2018 was a great year for data in Scotland - the Edinburgh city and regions deal was signed to help make Scotland the data capital of Europe. This would go towards helping to bridge the digital skills gap, build centres of excellence that would help in the creation of new businesses and drive Scottish industries through innovation - and all this fuelled by data. This is super exciting stuff for us in the industry and those of us operating in Scotland because there’s a brilliant energy around and it’s attracting industry, academia and government to work closer than they ever have before to design the economy of the future. So, I feel very fortunate to be in this place at this very exciting time…

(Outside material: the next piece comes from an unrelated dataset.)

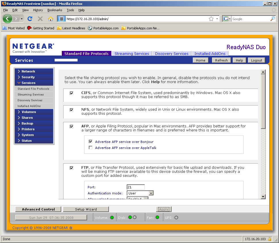 Кроме доступа к файлам по большинству современных протоколов, ReadyNAS Duo имеет также несколько дополнительных функций, которые будут полезны домашним пользователям.

I think 2019 will the time for less talk about data and more play. People are quick to jump on the buzzwords, everyone is talking AI nowadays or deep learning or whatever today’s buzzword is, but now is the time to ask, what does it all mean? This takes a degree of honesty where people could raise their hands and say, “I don’t know”. That could be a great starting point to learn and discover how we could start leveraging all these capabilities to our advantage. I think this year is when people start getting their hands a bit dirty and maybe have a bit of fun along the way…
By looking in unconventional places. I touched on neuro-diversity earlier, another pool that interests me is the talent that exists in the market and is not able to leverage their skills at the moment because organisation don’t allow them to work flexibly or remotely, ie, mothers returning to the workplace is a very good example of this. Another not so well-kept secret for me in recruitment is the call centre. I work in financial services, and I find that people who work within the call centres are very customer-focused (of course they are), have a solid understanding of products (financial products are complex) and have a good understanding of data and systems. So, with a bit of up-skilling, you could help someone start a great career in data and leverage all the wonderful skills they had acquired all this time and probably thought were worthless.
I’m most optimistic about people wanting to create a fairer society. I have faith in data being a force of good and people making it a force of good. Which is why values sit at the heart of everything we do. If we have no concern for having the right values within the algorithms we build, we are creating a very dark future. If we do and have the right values, tools and guidelines to help us build “better” algorithms our future will be very bright.